Coleridge sets out his stall in the Introit; the music is ethereally beautiful and the melodic lines are very attractive indeed. In the following Kyrie, the orchestral rhythms, and especially the use of a tenor drum, impart a feeling of a funeral march, notwithstanding which the vocal lines retain their melodiousness. The third movement, ‘Offertory’ is in some ways the most original in design. The choral writing has the character of Byzantine chant, which is most effective. In the middle of the movement, at ‘Hostias’, there’s a brief interlude of darker, more dramatic music which features the baritone soloist. There follows the ‘Pie Jesu’ which the composer describes as a “tender duet” for the soprano soloist and the cello; the choir supports the soprano with gentle music in the background. Karin Dahlberg is a most attractive soprano, singing very expressively.
The ’Rex tremendae’ is darkly intense and the Royal Holloway choir invest the music with considerable feeling. At the end, the plea for mercy, ‘Salva me’, is set very beautifully. The text of the Agnus Dei is a plea for mercy but that doesn’t inhibit Coleridge’s natural tendency to warm lyricism in his vocal writing. The Requiem concludes, rather unusually in my experience, with a setting of the ‘Lacrimosa’. In the composer’s words, “The cello sings plaintively, weaving through the weightless, shimmering choral textures, and evoking a desolate landscape with delicate rolls of thunder”. Near the end, there’s a short, impassioned soprano solo before the music gradually fades out of our consciousness.
Matthew Coleridge’s Requiem is an impressive achievement; the music is beautiful and sincere. It should be popular with choirs and audiences as a notable addition to the choral repertoire. This performance, which is excellent in every respect, should help its cause.
The disc is filled out with a number of other choral pieces. There’s one exception: And there was light is an instrumental piece for cello and strings. It was composed specifically for this recording; Coleridge took an earlier piece he’d drafted for solo cello and added an accompaniment for string orchestra. Maxim Calver, who offers excellent playing in the Requiem, must have been grateful to have this short, lyrical piece to play as well. He makes his instrument sing beautifully. And I saw a new Heaven was written, at the request of a choir who were going to perform the Requiem as a companion piece.; as such, it includes important parts for soprano solo and cello. In fact, those two musicians are accompanied only by organ pedals. At the very end they are joined by “a distant, cosmic choir”. Deliberately, there’s no real pulse to the music and this give it an improvisatory, otherworldly feel.
Abendlied was commissioned by a Cheltenham-based chamber choir, the Oriel Singers, who I know to be an excellent ensemble. If I read the notes correctly, the piece, which is sung in German, is one of a set of three a cappella songs; it’s a pity the two companion pieces were not included. This slow-moving piece is notable for its warm harmonies; I liked it very much.
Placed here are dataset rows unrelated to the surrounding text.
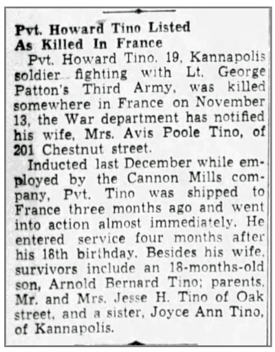 Howard Jessie Tino Jr, son of Jessie Howard and Beulah Mary (Heath) Tino, was born August 4, 1925 in Gastonia, North Carolina. He married Avis Katherine Poole and the couple had a son, Arnold Bernard Tino. He registered for the draft August 4, 1943. At the time he was living in Kannapolis, North Carolina and working at Cannon Textile Mill. He was inducted into the Army December 9, 1943 at Camp Croft, South Carolina and joined Company B, 137th Infantry Regiment from the 38th Replacement Battalion October 11, 1944 and served as a Rifleman. Pvt Howard J Tino, Jr was killed in action November 13, 1944 in the vicinity of Achain, France. He is buried at Carolina Memorial Park, Concord, North Carolina.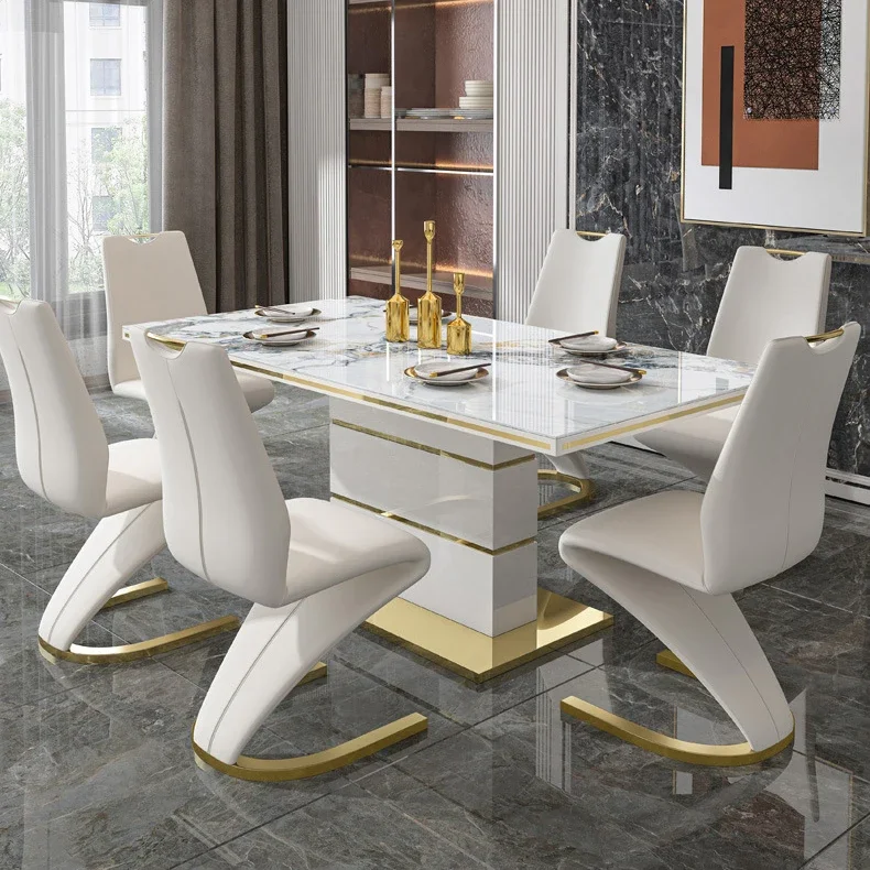The gold stainless steel legs offer an eye-catching touch of luxury and are built for long-lasting durability, ensuring this dining table set is both an aesthetic centerpiece and a functional investment. Complemented by matching upholstered chairs, the set provides an atmosphere of modern sophistication, ideal for both intimate dinners and larger gatherings.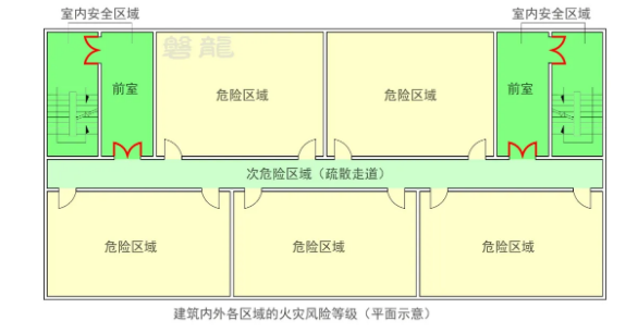 通常认为,在火灾条件下,当人员进入室内安全区域时,即可视为到达安全地点【图示1】,不再将室内安全区域至室外安全区域的疏散时间和距离纳入控制要求。参考专题:火灾风险等级与阶段疏散策略。

The programme closes with a set of Evening Canticles. I presume they were composed for liturgical use; whether there was any specific occasion in mind is not mentioned in the notes. At several points in the Magnificat the choral parts are underpinned by lightly dancing figurations on the organ. A more thoughtful note is struck at passages such as ‘For he that is mighty…’ It’s essentially a lyrical setting of the text. I especially liked the big, confident music to which ‘Glory be’ is set. The soaring choral lines and full-throated organ part make the conclusion to the canticle memorable. The opening of the Nunc dimittis is sung by the tenors and basses. The female voices join them at ‘To be a light to lighten the Gentiles’. Hereabouts, Coleridge’s soaring, expansive vocal lines are something rather special. Then we get a very welcome reprise of the ‘Glory be’ that we heard in the Magnificat; once again, the music is exciting and very satisfying. This is a most impressive setting of the Evening Canticles.
I enjoyed this disc very much. Matthew Coleridge has a natural gift for memorably melodic vocal lines and warm harmonies. I liked what I heard, but I thought the programme would have been enhanced by the inclusion of one or two lively, sharply rhythmic pieces. Coleridge has been extremely well served by the performers. The soloists all make excellent contributions, the playing of Southern Sinfonia in the Requiem is first-rate and the Choir of Royal Holloway live up to their very high reputation with consistently good singing throughout the programme under the leadership of Rupert Gough. Engineer Adaq Khan has recorded the music very successfully.
I hope this CD will raise the profile of Matthew Coleridge’s choral music.